Power station protest ends with arrests

A climate change protest being staged on top of a power station chimney came to an end today.

The nine environment activists who remained at Didcot Power Station, Oxfordshire, after breaking into the site on Monday came down of their own accord in the early hours of this morning.

The four women and five men, who spent two nights on the emissions chimney, were arrested on suspicion of aggravated trespass, Thames Valley Police said.

A further 11 people who staged a protest at the site's coal conveyer had been arrested on Monday.

A spokeswoman for RWE npower, which owns the site, said: "We can confirm that the nine protesters that were at the top of our chimney stack came down of their own accord at around 4am this morning.

"We are relieved that they have come down safely."









The RWE npower spokeswoman said she believed the nine protesters left the 200m tower because they "got tired".

She added: "They hadn't managed to affect our running. We were still generating power."



The group, who met at the Camp for Climate Action earlier this year, used power tools to cut through gates at the power station.



Referring to security measures in place at the site, the spokeswoman added: "We were going through a full security upgrade with enhanced fences and lighting.
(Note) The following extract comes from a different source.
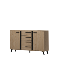 Kolekcja Gaya łączy w sobie minimalizm i nowoczesność. Bryły wykonane są z płyty w dekorze naturalnego orzecha rockford, który przełamany został czarnymi, matowymi elementami. Nóżki nie tylko dodają lekkości poszczególnym elementom zestawu Gaya, ale pełnią też funkcję praktyczną, ułatwiając utrzymanie czystości pod meblem. Geometryczne uchwyty w połączeniu z kontrastowym zestawieniem czerni i jasnego orzecha nadadzą wnętrzu popularny i mile widziany w naszych mieszkaniach nowoczesny charakter, a modułowość zestawu pozwoli intuicyjnie tworzyć aranżacje dopasowane do potrzeb każdego z domowników.

It was unfortunate it wasn't completed when the protesters turned up on Monday."



Amy Johnson, a 20-year-old student from Oxford, said last night the group was in "good spirits" and that they were planning to stay on the chimney until their provisions ran out.



She said the action was being taken because RWE npower plans to build 30 more coal-fired power stations.



Thames Valley Police officers were at the site collecting evidence today.











A spokesman for the protesters said the decision to come down from the chimney was taken after the first arrests were made.

He said: "The chimney team felt they had successfully shone a light on npower's plans to build new coal plants in Britain and across Europe."



One of the protesters said before his descent: "I'm a qualified builder and will be 52 in a week's time.



"I never thought in my life I would do anything like this. It's amazing how working with committed people can empower you to confront these massive companies and help force real change in the world."



Another protester, a receptionist from Essex, added: "If we wait around for our Government to tackle climate change without any real intentions, we will not have any hope for our future. This is about acting now, and further action must be taken."